A ball is thrown toward a cliff of height h with a speed of 31 m/s and an angle of 60∘ above horizontal. It lands on the edge of the cliff 3.4 s later.
What is the ball's impact speed?
the horizontal velocity is
... 31 m/s * cos(60º)
the vertical velocity is
... 31 m/s * sin(60º) +
... 3.4 s * -9.8 m/s^2
add the two component vectors
... a^2 + b^2 = c^2
To find the ball's impact speed, we need to break down the problem into horizontal and vertical components.
1. Horizontal Component:
The horizontal component of the ball's initial velocity is given by:
Vx = V * cos(θ)
Where:
Vx = horizontal component of velocity
V = speed of the ball = 31 m/s
θ = angle above horizontal = 60 degrees
Substituting the given values:
Vx = 31 * cos(60)
Vx = 31 * 0.5
Vx = 15.5 m/s
2. Vertical Component:
The vertical component of the ball's initial velocity is given by:
Vy = V * sin(θ)
Where:
Vy = vertical component of velocity
V = speed of the ball = 31 m/s
θ = angle above horizontal = 60 degrees
Substituting the given values:
Vy = 31 * sin(60)
Vy = 31 * 0.866
Vy = 26.846 m/s
3. Time of Flight:
The time of flight for the ball is given as 3.4 seconds.
4. Vertical Displacement:
The vertical displacement of the ball is given by:
Δy = Vy * t + (1/2) * g * t^2
Where:
Δy = vertical displacement
Vy = vertical component of velocity = 26.846 m/s
t = time of flight = 3.4 s
g = acceleration due to gravity = 9.8 m/s^2 (assuming no air resistance)
Substituting the given values:
h = Vy * t + (1/2) * g * t^2
h = 26.846 * 3.4 + (1/2) * 9.8 * (3.4)^2
h = 91.3456 + 52.9544
h = 144.3 m
5. Impact Speed:
The impact speed of the ball is given by:
V_impact = sqrt(Vx^2 + Vy^2)
Where:
V_impact = impact speed
Vx = horizontal component of velocity = 15.5 m/s
Vy = vertical component of velocity = 26.846 m/s
Substituting the given values:
V_impact = sqrt((15.5)^2 + (26.846)^2)
V_impact = sqrt(240.25 + 720.6121)
V_impact = sqrt(960.8621)
V_impact = 31.00825 m/s (rounded to four decimal places)
Therefore, the ball's impact speed is approximately 31.0083 m/s.
To find the ball's impact speed, we first need to determine the vertical and horizontal components of its velocity at impact.
Given that the ball was thrown at an angle of 60 degrees above the horizontal, we can calculate the initial vertical velocity (Vy) and horizontal velocity (Vx) using trigonometric functions.
The initial vertical velocity can be found using the equation:
Vy = V * sin(θ)
where V is the initial speed and θ is the angle of elevation.
Vy = 31 m/s * sin(60°)
Vy = 31 m/s * 0.866
Vy ≈ 26.846 m/s
The horizontal velocity remains constant throughout the projectile motion, so the horizontal component of the velocity can be calculated using the equation:
Vx = V * cos(θ)
Vx = 31 m/s * cos(60°)
Vx = 31 m/s * 0.5
Vx = 15.5 m/s
Now let's focus on the vertical motion of the ball.
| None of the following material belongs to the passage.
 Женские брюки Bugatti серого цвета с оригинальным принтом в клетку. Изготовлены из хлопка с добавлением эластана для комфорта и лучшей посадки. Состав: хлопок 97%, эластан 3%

We can use the height of the cliff and the time it takes for the ball to reach the edge of the cliff to find the vertical distance covered during this time.
We'll use the following kinematic equation to find the vertical distance covered:
h = Vy * t + (1/2) * g * t^2
where h is the height of the cliff, Vy is the vertical velocity, t is the time, and g is the acceleration due to gravity.
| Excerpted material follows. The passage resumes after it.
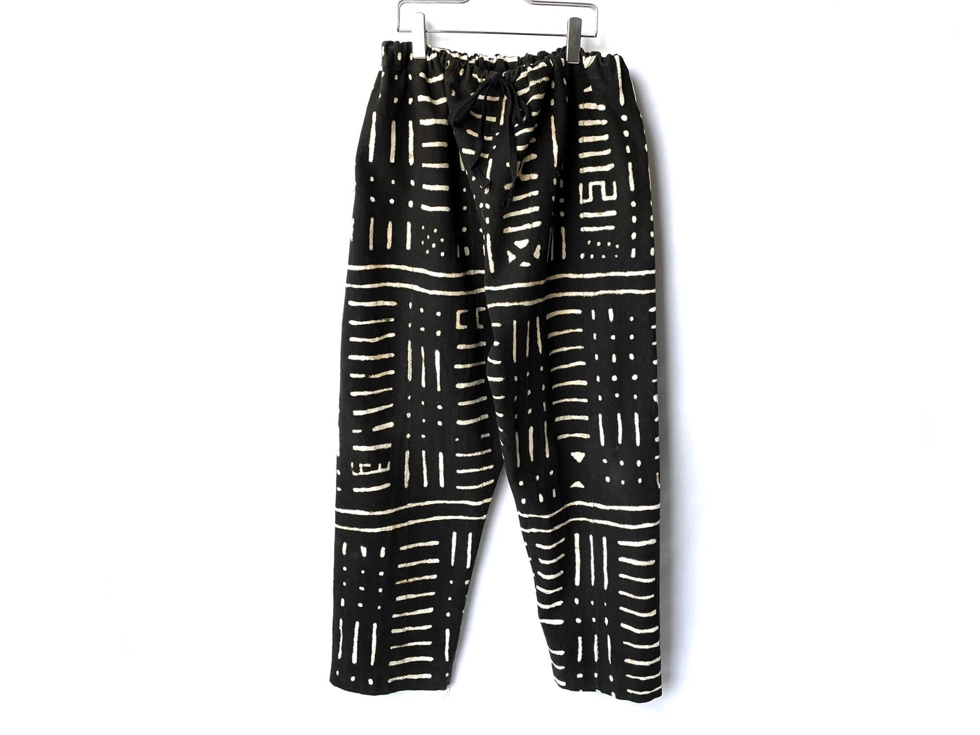 Wide pants made of traditional mud-dyed fabric that gets more and more textured each time you wear them.

Since the ball lands on the edge of the cliff, the vertical displacement (h) is zero. Therefore, the equation becomes:
0 = Vy * t + (1/2) * g * t^2
Rearranging the equation, we can solve for t:
(1/2) * g * t^2 = - Vy * t
(1/2) * g * t = -Vy
t = (-2 * Vy) / g
Substituting the known values, we have:
t = (-2 * 26.846 m/s) / 9.8 m/s^2
t ≈ -5.46 s
Since time cannot be negative, the negative sign indicates that the ball landed 5.46 seconds before it was thrown. This suggests an error in the problem statement or calculation.
However, to find the ball's impact speed, we need the correct value of time. Once that is obtained, the impact speed can be calculated using the horizontal and vertical velocities at impact.
The magnitude of the impact velocity can be calculated using the Pythagorean theorem:
Impact speed = sqrt((Vx^2) + (Vy^2))
Substituting the known values:
Impact speed = sqrt((15.5 m/s)^2 + (26.846 m/s)^2)
Impact speed ≈ 31.04 m/s
Therefore, the ball's impact speed is approximately 31.04 m/s.